Questo approccio è molto utile per:

  • mappe
  • cache
  • strutture dati indicizzate

Metodi con nome dinamico

Le computed properties funzionano anche con i metodi:

const action = "save"; const service = { [action]() { return "Dati salvati"; }, };

Equivalente a:

service.save();

Computed properties e Symbols

Le computed properties sono l’unico modo per usare i Symbol come chiavi in un object literal:

const ID = Symbol("id"); const obj = { [ID]: 123, };

Questo è fondamentale per:

  • evitare collisioni di nomi
  • definire proprietà non accessibili accidentalmente

Differenza tra dot notation e bracket notation

Le computed properties utilizzano internamente la bracket notation:

obj["name"]; obj[name];

La dot notation non supporta espressioni:

obj.key; // letterale obj[key]; // dinamico

Le computed properties portano questo stesso concetto direttamente nella definizione dell’oggetto.
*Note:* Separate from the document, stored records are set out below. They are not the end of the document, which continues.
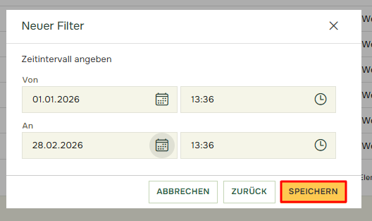 Nachdem Sie den Zeitfilter ausgewählt haben, legen Sie bitte das Zeitintervall fest, für das Sie die Befragten gruppieren möchten, und klicken Sie auf „Speichern“:
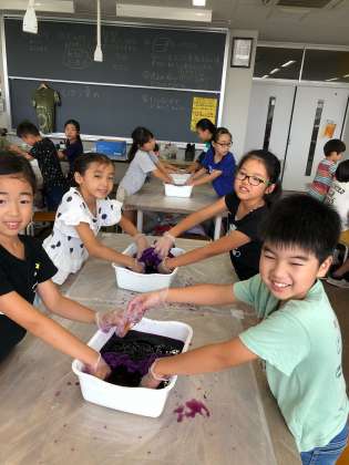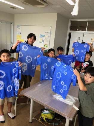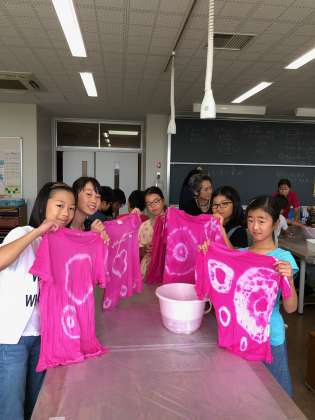 染物教室は、私と、たくさんのお手伝いの皆様と一緒にさせていただきました。ティーシャツを絞り染にします。絞りを解いたときにできている模様に歓声が上がります。
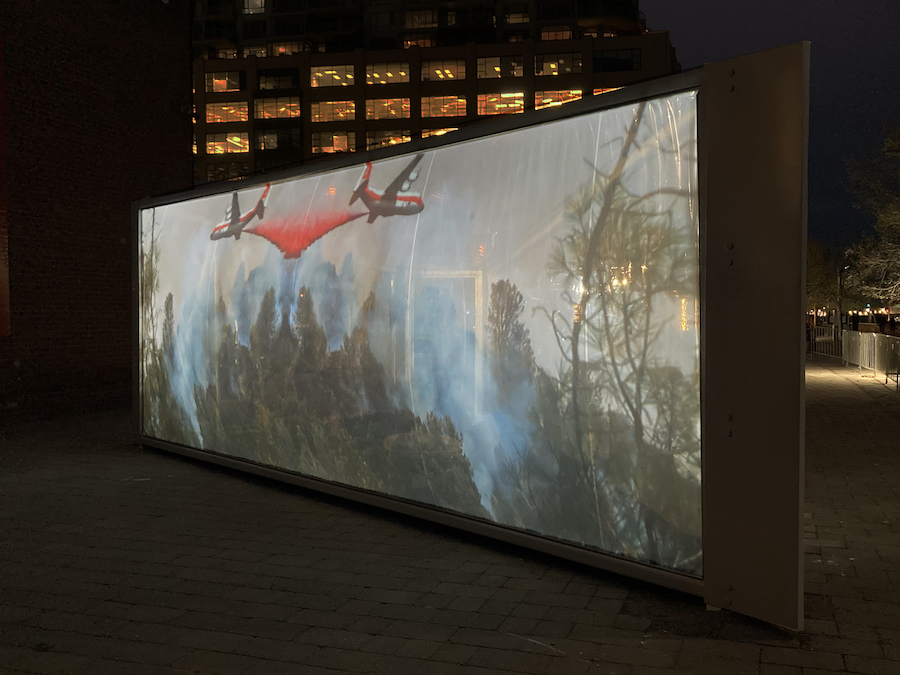 Every day after dusk, Julius von Bismarck’s video installation Feuer mit Feuer (Fire with Fire, 2021) will play directly on the transparent pavilion from multiple angled projectors. Multidisciplinary artist, von Bismarck’s practice is defined by an in-depth and complex exploration of the phenomena of perception and experimentation. In his video he captures the boundless beauty of the powerful and devastating elements of fire. In order to complete this video he visited many fire sites in Germany, Sweden and across California. When viewing the glowing artifact at night, audiences may take a step further away from it to see its full-screen projection. People can enter the flaming forests by fully immersing themselves in its fire and smoke.

Sovrascrittura delle proprietà

Se due computed properties producono lo stesso nome, l’ultima vince:

const key = "value"; const obj = { [key]: 1, ["value"]: 2, };

Risultato:

{ value: 2; }

È importante tenerlo a mente quando si generano chiavi dinamiche.

Ordine delle proprietà

Le computed properties seguono le regole standard di ordinamento degli oggetti JavaScript:

  1. chiavi numeriche (in ordine crescente)
  2. chiavi stringa (ordine di inserimento)
  3. Symbol (ordine di inserimento)

Il fatto che una proprietà sia “computed” non cambia il suo comportamento nell’oggetto finale.

Quando usarle

Le computed properties sono particolarmente indicate quando:

  • il nome della proprietà non è noto a priori
  • si lavora con configurazioni dinamiche
  • si costruiscono mappe o lookup table
  • si vogliono evitare if/else ripetitivi
  • si integrano dati provenienti da API o input esterni

Quando evitarle

È meglio evitarle quando:

  • il nome della proprietà è statico
  • riducono la leggibilità del codice
  • nascondono una struttura dati poco chiara

Un codice semplice e dichiarativo è sempre preferibile se non serve dinamismo.

Conclusione

Le computed properties rendono gli oggetti JavaScript più espressivi, flessibili e potenti. Usate correttamente, permettono di scrivere codice più pulito, riducendo duplicazioni e migliorando la scalabilità delle strutture dati.

Sono uno strumento essenziale per chi sviluppa applicazioni moderne e lavora con dati dinamici nel web development.